I have a call in the head of pathology at my local hospital to confirm they only have two slides from my two core needle biopsies from January 20th.

I would appreciate any other opinions on how many slides should be prepared and evaluated for a core needle biopsy

Comments

  • Jelson
    Jelson Member Posts: 1,535
    edited February 2016

    InStitches - is part of the reason that there are more slides from the excisional biopsy because they had more material to work with? I may be mucking up the waters here but when second opinions are requested to be sent to other hospitals - I assumed that new slices of the tissue sample are sent, not the same exact slides which were reviewed initially. In any event, I hope you get answers about the areas of concern in your right breast ASAP

  • InStitches
    InStitches Member Posts: 80
    edited February 2016

    Thanks Jelson. I have made an appointment with my breast surgeon for next week. I am ready to move forward with an excisional biopsy to get these areas removed.
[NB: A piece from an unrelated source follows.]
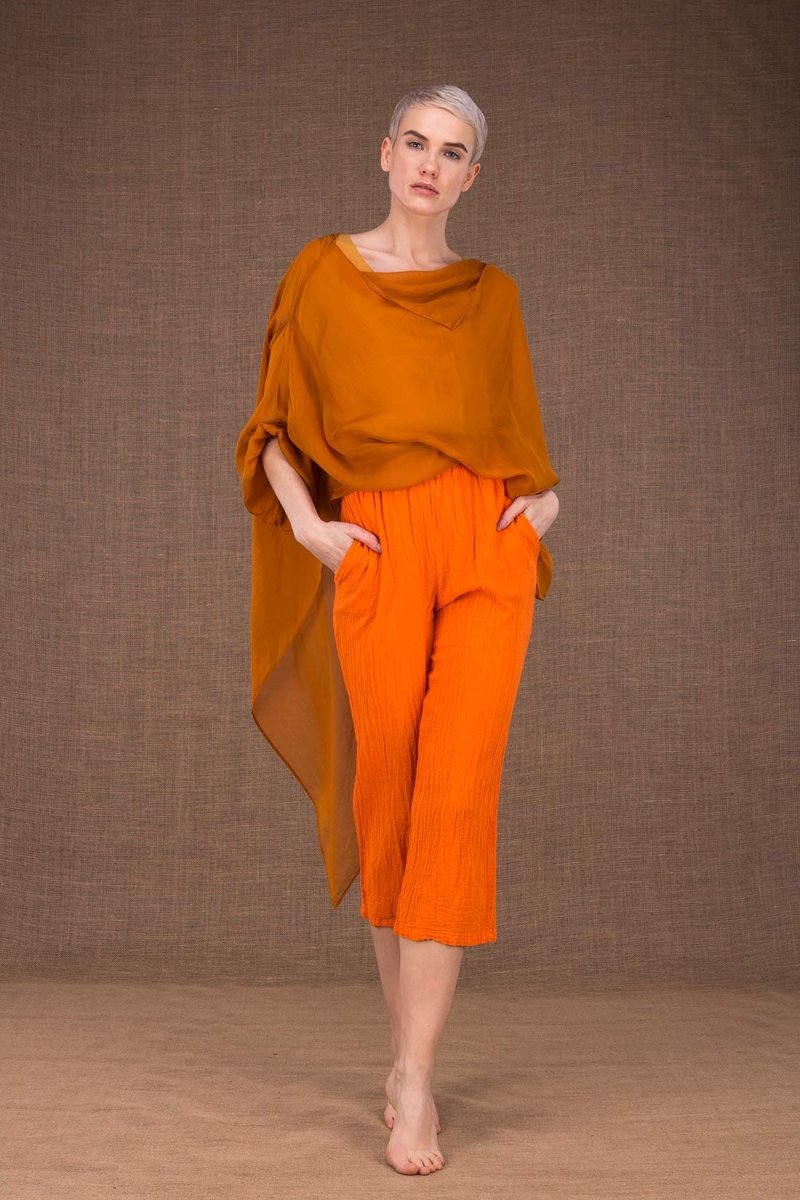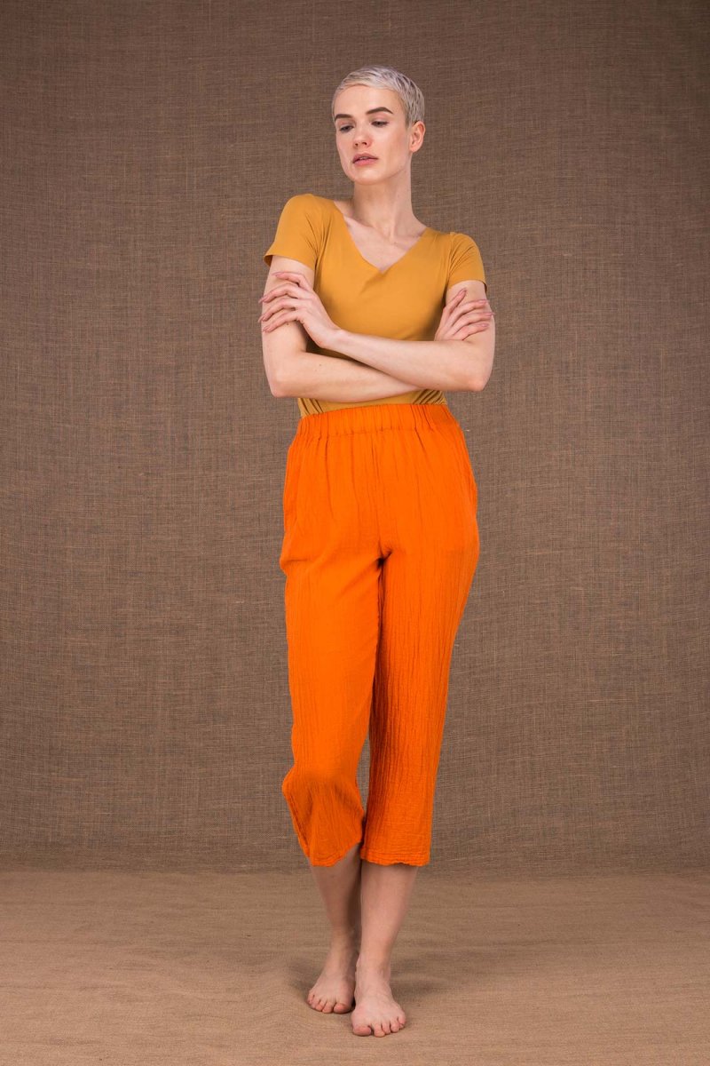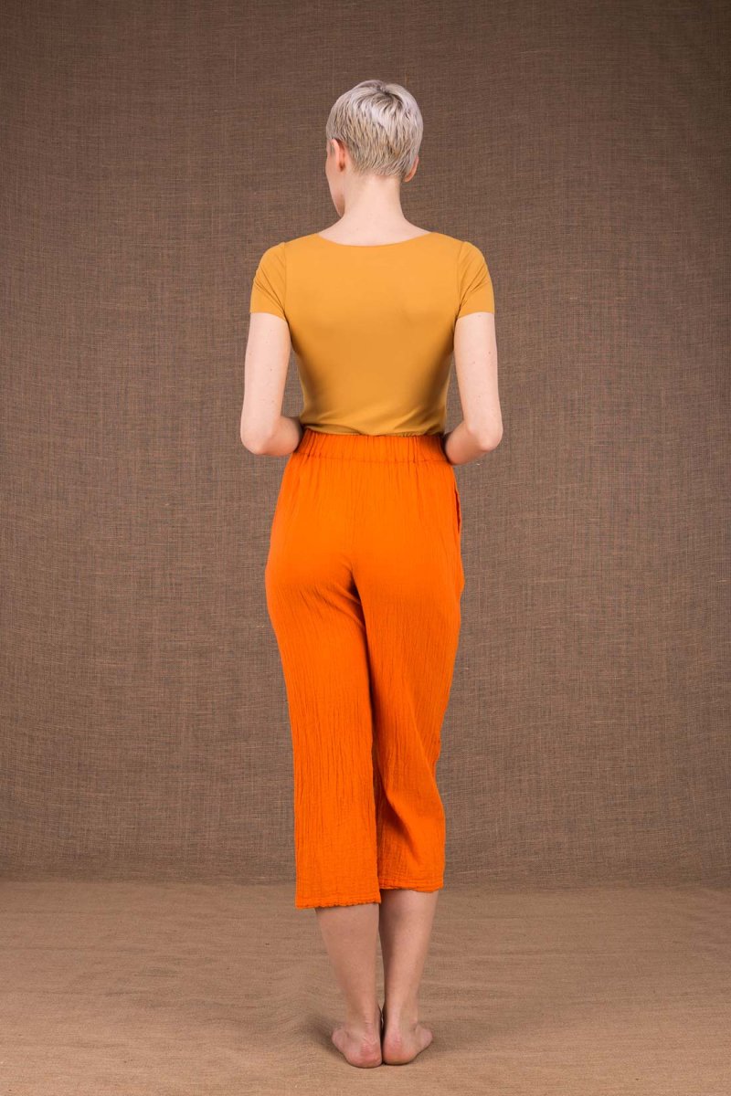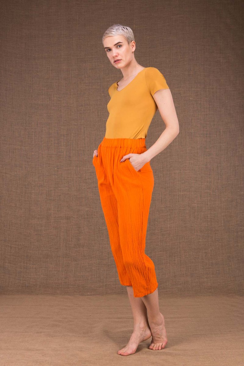 Pantalon orange en coton bio pour femme WIATR. Le confort avant tout. Les mains dans les poches, vous n’allez plus quitter ce pantalon souple en coton froissé, tombant au-dessus des chevilles et garni d’une large ceinture élastique. COMPOSITION : 100% coton LAVAGE : Machine froid séparément

And yes, I think the reason they had 19 slides on the excisional biopsy was because of the volume. I did speak with the head of pathology at the hospital and she told me it is there practice to cut each core into two pieces and create two slides from each half producing four slides for each core. For some reason though they only prepared two slides for each core for my biopsies on January 20th. And they won't send every slide in case the material gets lost in transport. So they only sent two of four slides on the January 20th biopsies. I personally don't think they looked at enough of the cores.

    With my previous diagnosis of LCIS I am very concerned about the possibility of a lobular carcinoma which is very hard to find.